# Vista: what is base.WIM ??



## luckyedboy66

the other day, i was stressing about how little HDD space I have left, so I started looking for things that i didnt need so i could delete them. the first place i started was the "temp" folder. In it, among other things, i found a massive(5.7gb) file called "base.wim". its format is not recognized by vista, so i couldnt open it.
*my question is: should i have not deleted base.wim ? *
i have not noticed any glitches, ect. my reasoning is/was that its a temporary file, so it shouldnt be a big deal. Am i right? its still in th recycle bin, so i can put it back. but if i dont need it, i would like to rid my cramped HDD of it. 
any insight would kick ass.


----------



## Impulse666

its likely a setup file that windows forgot to delete or the like. its ok to delete.


----------



## K3rupt

If you don't use hibernation, then turn it off to save yourself the 2GB that is allocated for hiberfil.sys.
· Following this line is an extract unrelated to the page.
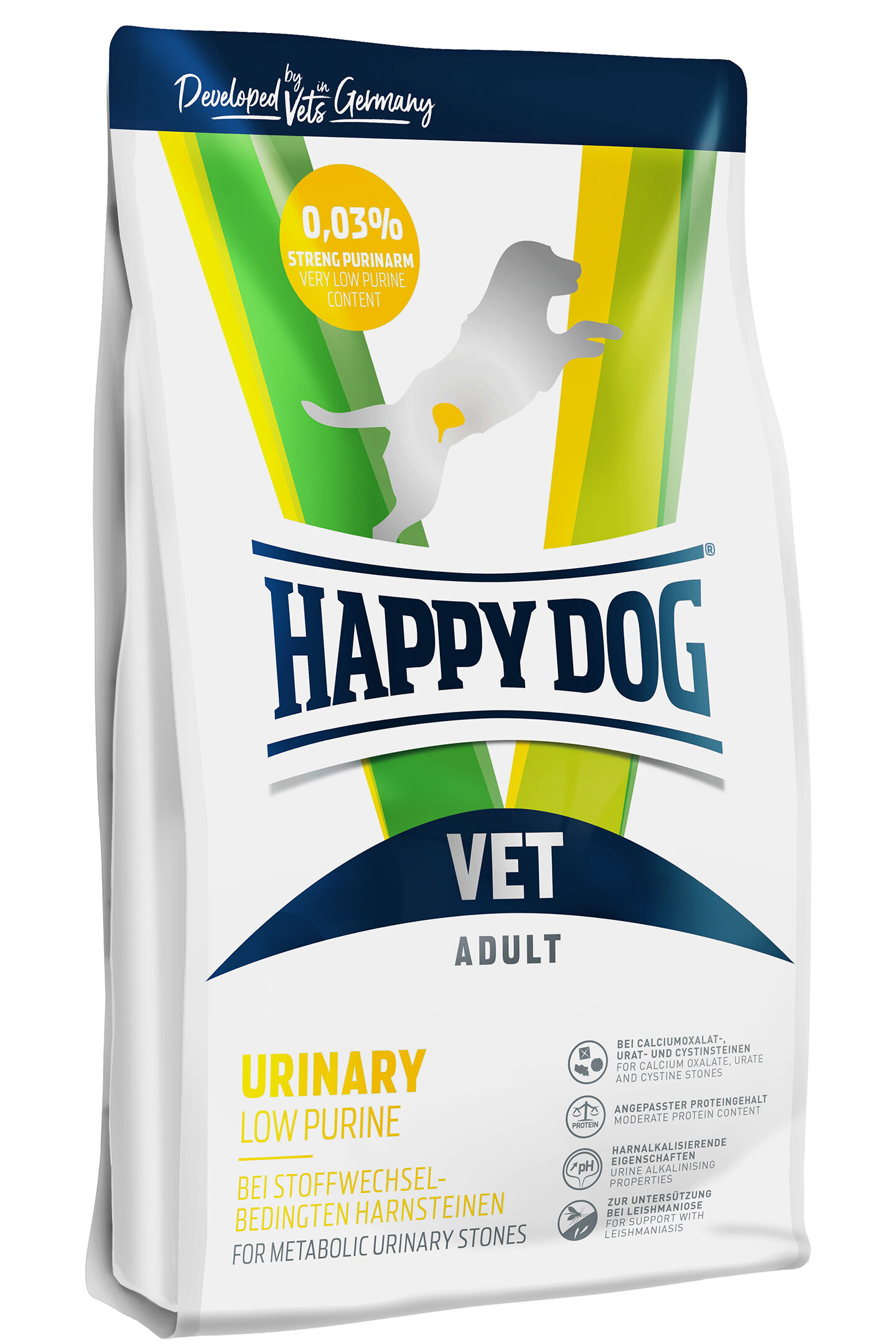 Happy Dog VET Diät Struvit stosuje się w celu rozpuszczenia kamieni struwitowych i ograniczenia nawrotów kamieni struwitowych u dorosłych psów. Ta dietetyczna, pełnoporcjowa karma zawiera wyjątkowo wysokowartościowe białko i charakteryzuje się obniżoną zawartością magnezu, fosforu, oraz właściwościom zakwaszającymi mocz, co skutkuje znacznym obniżeniem wartości pH moczu. Nieco zwiększona zawartość sodu, poprzez większe wchłanianie wody powoduje płukanie dróg moczowych. Wyśmienite zioła takie jak mniszek lekarski i pokrzywa są tradycyjnie stosowane jako uzupełnienie klasycznej terapii dróg moczowych.

Turn off system restore if it is on, Unless you think your going to need it.

Go ahead and delete the BASE.WIM file, if it's in the C:\temp directory then it's probably some setup file that Windows forgot to delete after install.

But i Bet i can Guess your Using a HP Laptop?

Or a Laptop At That?

Its a Very Common Problem with Vista Installed on Laptops.


----------



## wallpaperkilla

i got that base.wim too, but mine is 9.56 gigs.  i think i'm going to delete it


----------



## PC eye

Microsoft has a special installation cleanup tool available for 95 and NT akk the way through to Vista. You can download direct from  http://support.microsoft.com/kb/290301


----------